Namun, jaksa penuntut umum fokus pada selisih harga yang dianggap tidak wajar. Mereka berargumen bahwa biaya produksi tugu, bahkan dengan standar yang dipenuhi, jauh lebih rendah daripada nilai kontrak miliaran rupiah yang diterima PT. Angkasa Resin. Keuntungan yang diambil perusahaan dinilai eksesif dan tidak beretika, meskipun tidak secara eksplisit melanggar pasal korupsi terkait kerugian negara akibat kualitas barang.
Sidang berjalan cukup menarik perhatian publik. Budi hadir beberapa kali, mencatat setiap argumen yang dilontarkan.
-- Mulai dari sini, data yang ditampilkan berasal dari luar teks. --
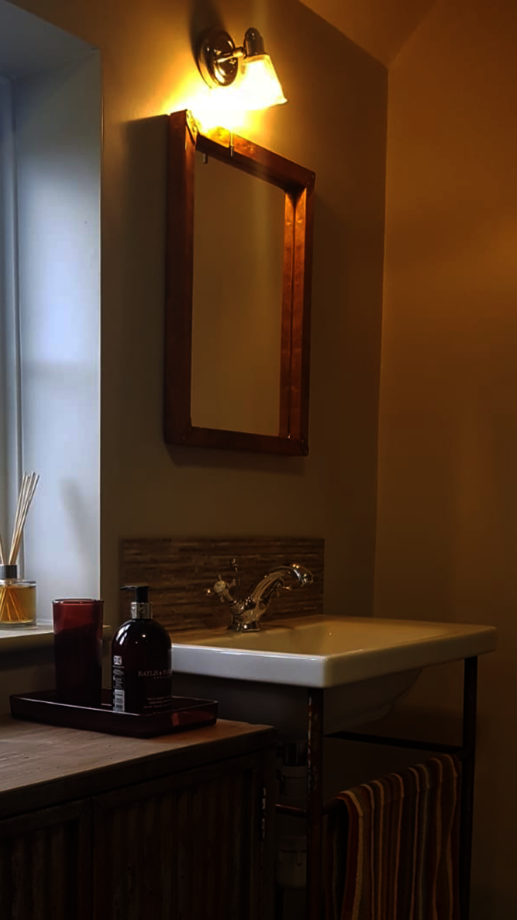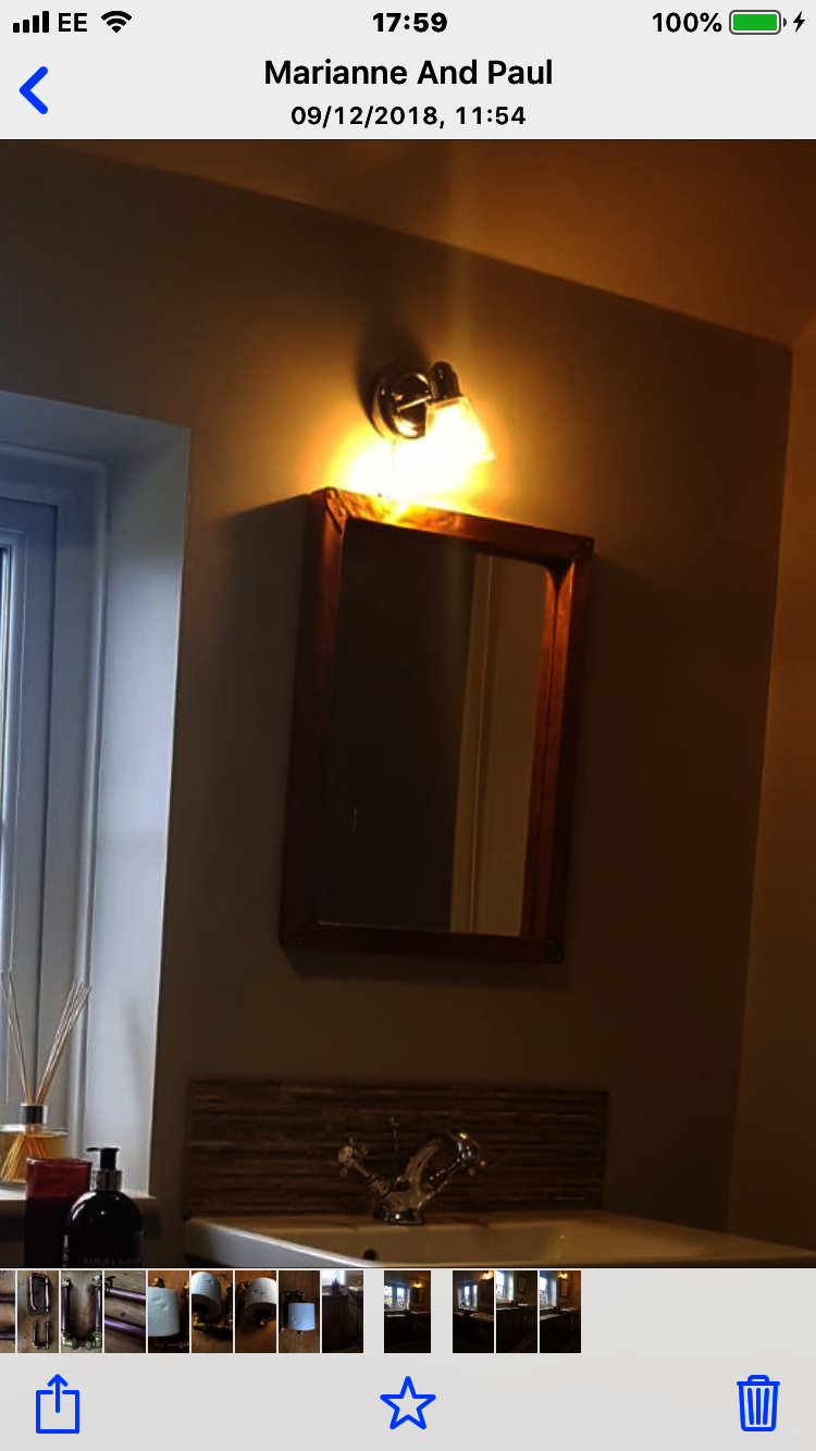 This copper mirror was the final piece we made for the customers' unique and stylish bathroom, as shown in the other portfolio listings. The customers requested a copper framed mirror and left the design to us. The copper matched the rust in the other pieces of furniture in their bathroom and the uneven texture of the frame matched the rest of the bathroom pieces. The customers were pleased with the end result and it was the perfect finishing touch for their amazing bathroom.

Pihak pengacara PT. Angkasa Resin berdalih bahwa penetapan harga adalah hak perusahaan, dan risiko proyek yang tidak terduga (seperti cuaca yang mempercepat kerusakan) juga harus diperhitungkan. Mereka juga menekankan bahwa proses lelang telah diikuti secara sah dan tidak ada paksaan dalam penetapan harga.
Hingga tiba saatnya vonis dibacakan. Majelis hakim menyatakan Direktur PT. Angkasa Resin terbukti bersalah melakukan praktik persaingan usaha yang tidak sehat dan mengambil keuntungan yang tidak wajar dari proyek pemerintah. Meskipun tidak ada unsur korupsi dalam pengertian klasik, hakim berpendapat bahwa tindakan perusahaan telah melanggar prinsip keadilan dan kepatutan dalam pengelolaan keuangan negara.
Direktur PT. Angkasa Resin divonis hukuman percobaan dan denda yang cukup besar, yang sebagiannya harus dikembalikan ke kas daerah. Perusahaan juga mendapatkan catatan hitam dalam daftar rekanan pemerintah.
Keputusan ini menimbulkan berbagai reaksi. Sebagian masyarakat merasa puas karena meskipun tidak ada "koruptor" yang tertangkap, setidaknya ada pertanggung-jawaban atas penggunaan anggaran yang dianggap tidak masuk akal. Mereka melihat vonis ini sebagai pesan bahwa mengambil keuntungan berlebihan dari uang rakyat adalah tindakan yang salah, meskipun secara hukum formal mungkin tidak sepenuhnya ilegal.
Di sisi lain, ada juga yang berpendapat bahwa vonis ini terlalu dipaksakan. Mereka berargumen bahwa selama spesifikasi dipenuhi dan proses lelang sah, keuntungan perusahaan adalah hal yang wajar. Batasan "keuntungan yang tidak wajar" dianggap subjektif dan berpotensi menimbulkan ketidak-pastian hukum.
Budi sendiri merenung. Kasus ini memang berbeda dari bayangannya semula. Tidak ada aliran dana gelap yang terungkap, tidak ada suap yang terbukti. Namun, esensi dari masalah tetap sama, yaitu penyalah-gunaan uang rakyat. Vonis ini menjadi preseden menarik, bahwa meskipun celah hukum dalam pengadaan bisa saja dimanfaatkan, prinsip keadilan dan kewajaran tetap menjadi pertimbangan penting. "Terkadang, keadilan tidak hanya soal hitam dan putihnya hukum, tetapi juga tentang etika dan kepatutan dalam mengelola amanah publik," pikir Budi.